These areas are:
Proportion and scale: this means the relationship between the size of the storage unit and the human figure and how comfortable they would be when they need to sit on or lean against the unit.
We need to be sure to provide enough information for the viewer or client to visually understand the unit modulates, moves, or stores items. We must consider that we will not be there to verbally explain our design goals and realize that our design goal needs to be our ability to communicate the objective without having to speak it. This offers a more tangible understanding for our client or viewer.
Employing the strategies we are armed with such as how light, texture, and volume affect the quality of a space and how we can document that through photography, sketch, diagram, collage, and modeling.
Very important, too, is the format and layout of our presentation/proposal.

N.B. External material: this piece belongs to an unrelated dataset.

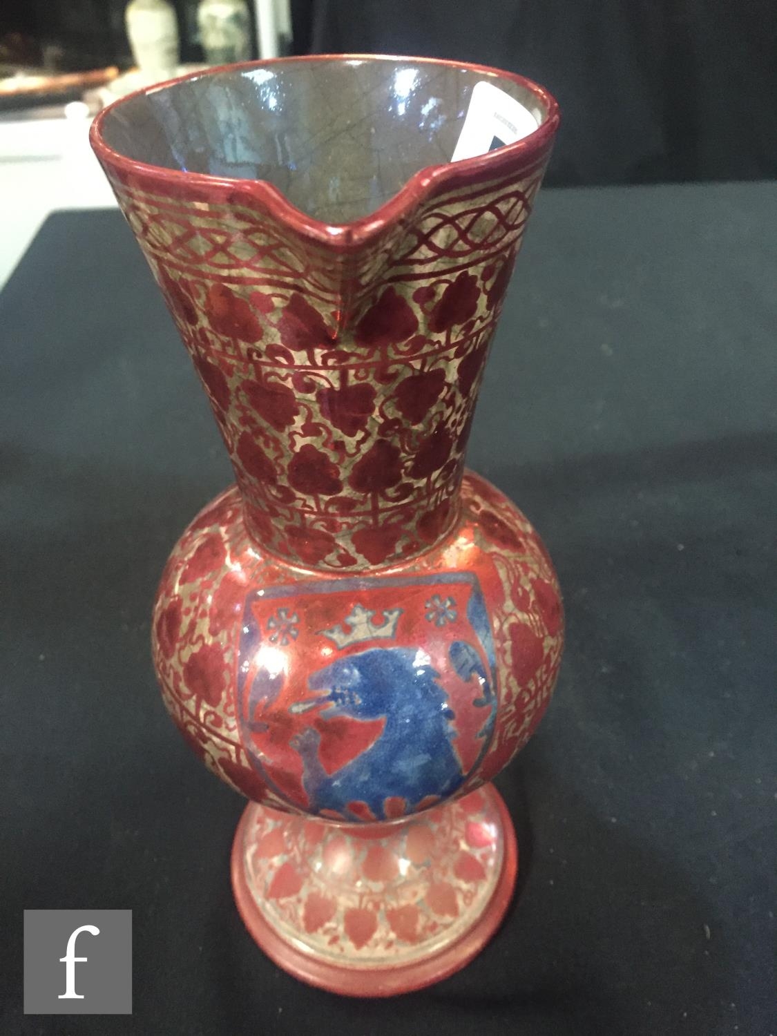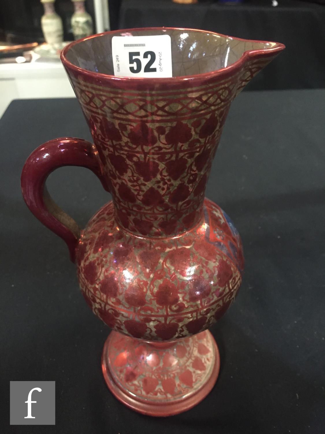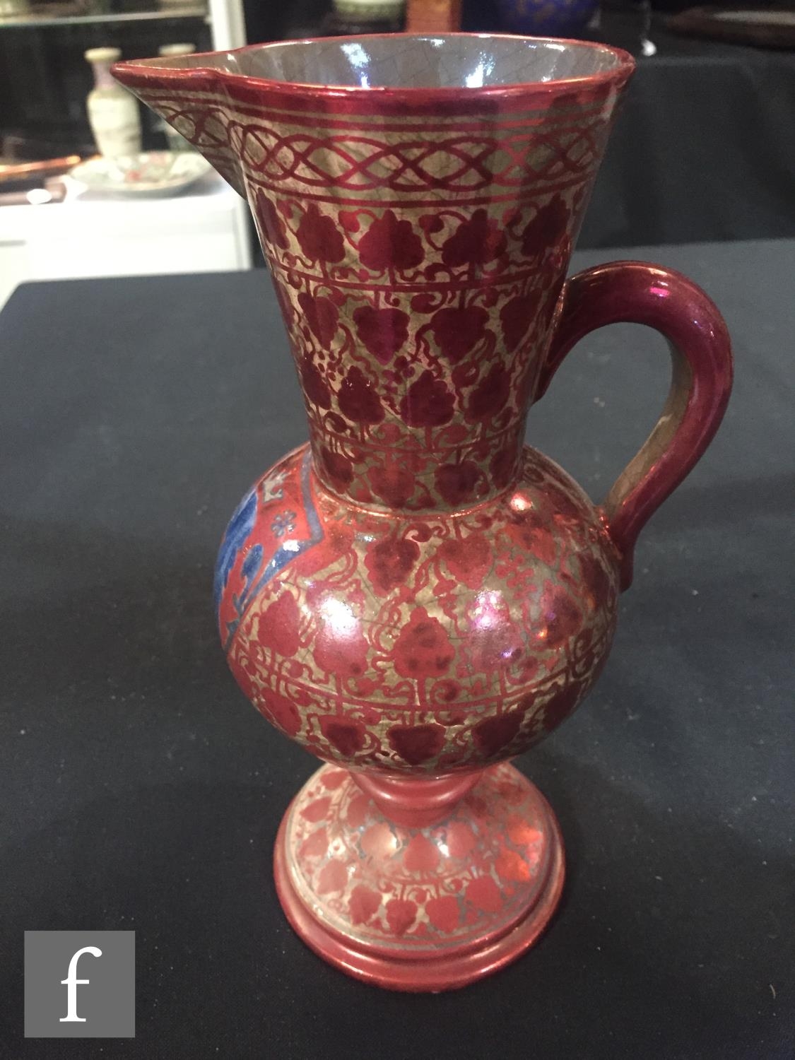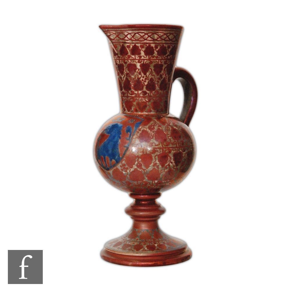 A late 19th Century French ewer decorated in the Hispano-Moresque style by Emile Balon, with painted lustre vine decoration with a central shield with a blue glaze rampant lion, painted mark, height 23cm.

We need to be aware of things like hierarchy of important features/issues, and things like placement of the wall – is it eye level or does the view have to squat or squint to see your proposal. Is it dark enough – remember line quality and that hatching suggests hierarchy in terms of level of importance and what you want the viewers focus to be. There needs to be correspondence between drawings – a relationship from one drawing to the next.
We need to be aware that we are not getting caught up in what we want to designer over what the client needs. If we are deciding on a fixed size and shape of storage we need to find out if the person the unit is designed for has belongings that would work well with that size/shape.